Assignment
The records below need to be repeated exactly, though not their pictures.

Segment Start: Data for the task

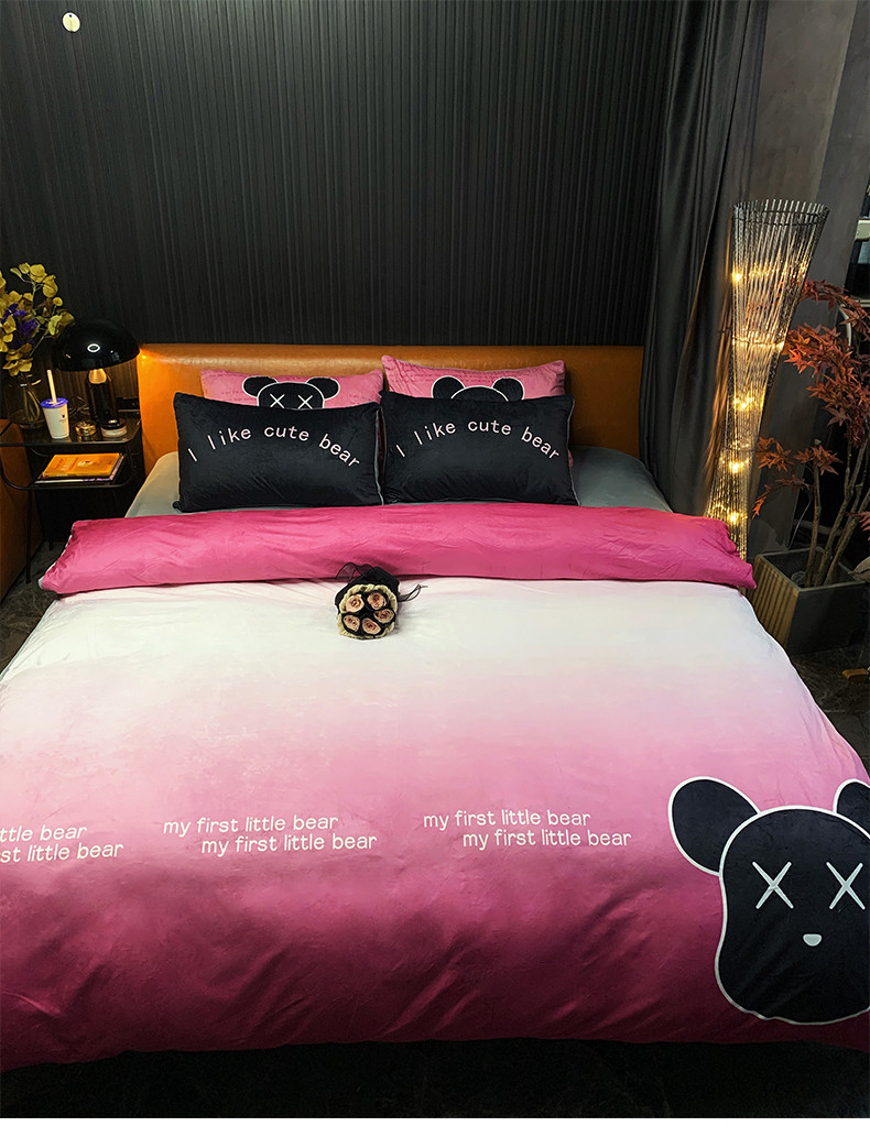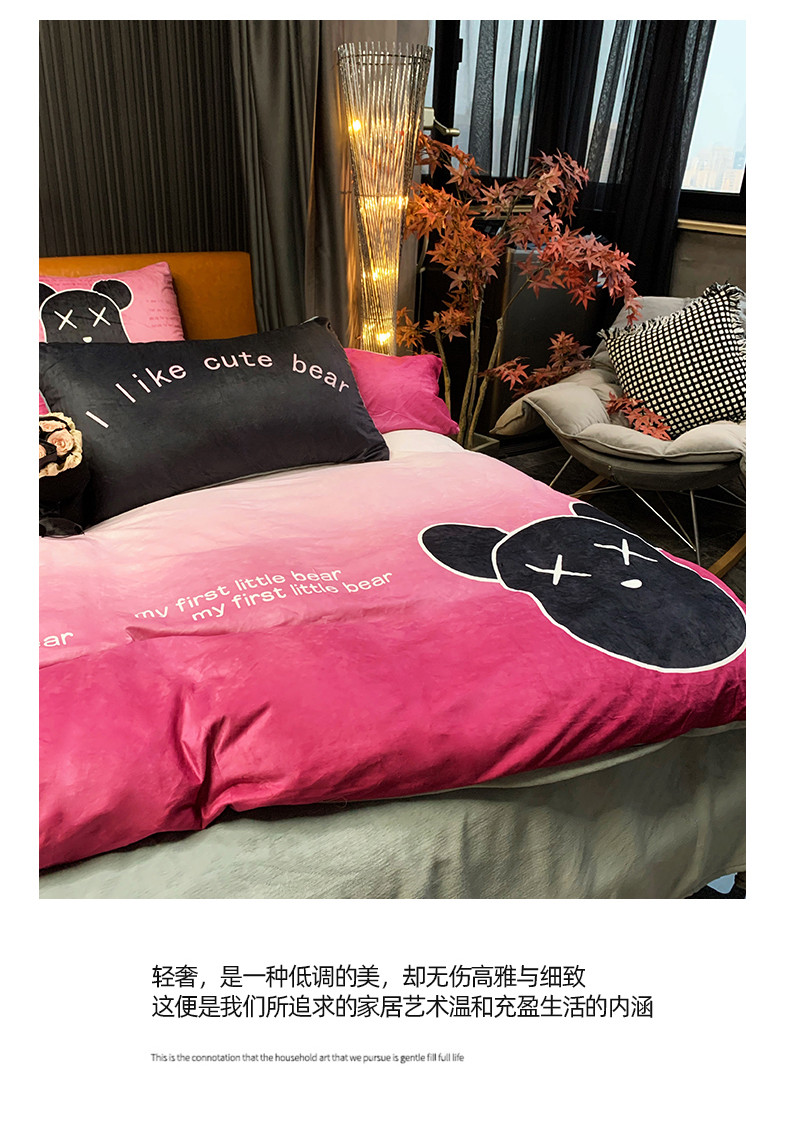 商品名称:色鬼布艺 2023新款活性数码印花牛奶绒四件套-场景一 渐变熊
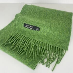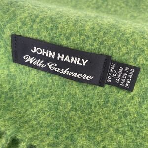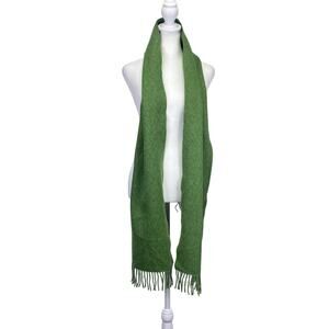 John Hanly Wool Cashmere Scarf Green Ireland Fringe Shawl Cozy Winter Classic
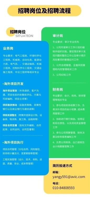 二、招聘岗位 业务岗:助理业务经理(中法/理工科/电力/轨道交通等专业优先) 职能岗:助理职能经理(审计/会计学/财务管理等专业优先) 实习机会:开放研二学生寒暑假实习,表现优异者有机会留用! 三、招聘对象 2026届应届硕士毕业生(2025届应届硕士毕业生春招同步进行中),具备英语6级or法语B2等语言能力者优先。 四、薪资福利 国内首年年薪20W+,海外30W左右。 北京户口、员工宿舍、六险二金、住房补贴、海外津贴、工会及节日福利、年度体检等。 职业晋升双通道:管理岗/专业岗双向发展,轮岗/海外轮驻机会。 五、应聘方式 邮箱投递:yangy591@avic.com(标题:姓名+岗位+学校) 六、特别福利 实习期间,提供宿舍、食堂,实习工资+留用机会! 有机会去海外项目实地学习,快速成长! 咨询联系:杨女士 010-84808593/150-1009-7506
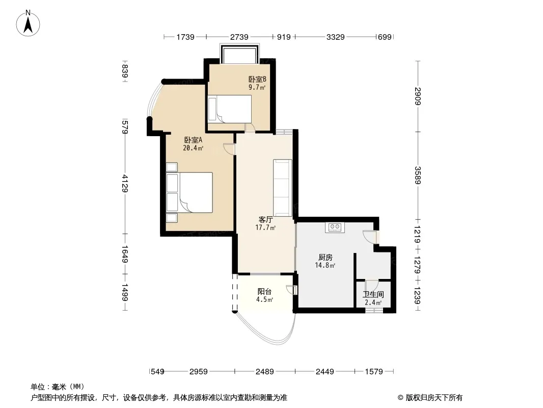 户型齐全,主打明厨,客厅朝南二居
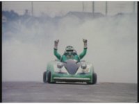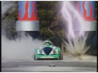 Green swerves around to a stop. Demon Racer staggers out of the smoking wreckage. Green talks at him, gesturing hands, then turns and poses, just as the monster collapses and explodes massively. |
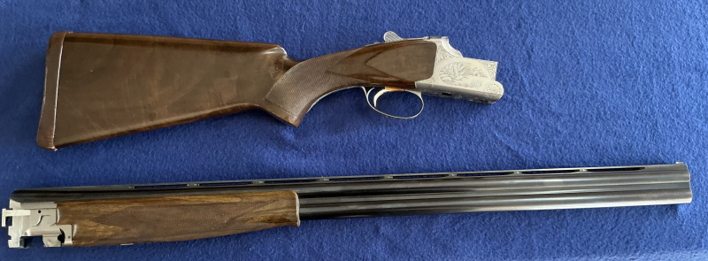 Browning B25 mit Gravur B2G Sporting Kal. 12 / 70 mit Fix-Choke ( 3/4 und 1/4 ) Lauflänge 76cm , Sporting Broadway-Schiene, Hilfkorn , ventiliertes Laufbündel, Einabzug, Ejektor und Sicherung mit Umschalter.

Segment End: Data for the task

Output of the task
 商品名称:色鬼布艺 2023新款活性数码印花牛奶绒四件套-场景一 渐变熊
 John Hanly Wool Cashmere Scarf Green Ireland Fringe Shawl Cozy Winter Classic
 二、招聘岗位 业务岗:助理业务经理(中法/理工科/电力/轨道交通等专业优先) 职能岗:助理职能经理(审计/会计学/财务管理等专业优先) 实习机会:开放研二学生寒暑假实习,表现优异者有机会留用! 三、招聘对象 2026届应届硕士毕业生(2025届应届硕士毕业生春招同步进行中),具备英语6级or法语B2等语言能力者优先。 四、薪资福利 国内首年年薪20W+,海外30W左右。 北京户口、员工宿舍、六险二金、住房补贴、海外津贴、工会及节日福利、年度体检等。 职业晋升双通道:管理岗/专业岗双向发展,轮岗/海外轮驻机会。 五、应聘方式 邮箱投递:yangy591@avic.com(标题:姓名+岗位+学校) 六、特别福利 实习期间,提供宿舍、食堂,实习工资+留用机会! 有机会去海外项目实地学习,快速成长! 咨询联系:杨女士 010-84808593/150-1009-7506
 户型齐全,主打明厨,客厅朝南二居
 Green swerves around to a stop. Demon Racer staggers out of the smoking wreckage. Green talks at him, gesturing hands, then turns and poses, just as the monster collapses and explodes massively. |
 Browning B25 mit Gravur B2G Sporting Kal. 12 / 70 mit Fix-Choke ( 3/4 und 1/4 ) Lauflänge 76cm , Sporting Broadway-Schiene, Hilfkorn , ventiliertes Laufbündel, Einabzug, Ejektor und Sicherung mit Umschalter.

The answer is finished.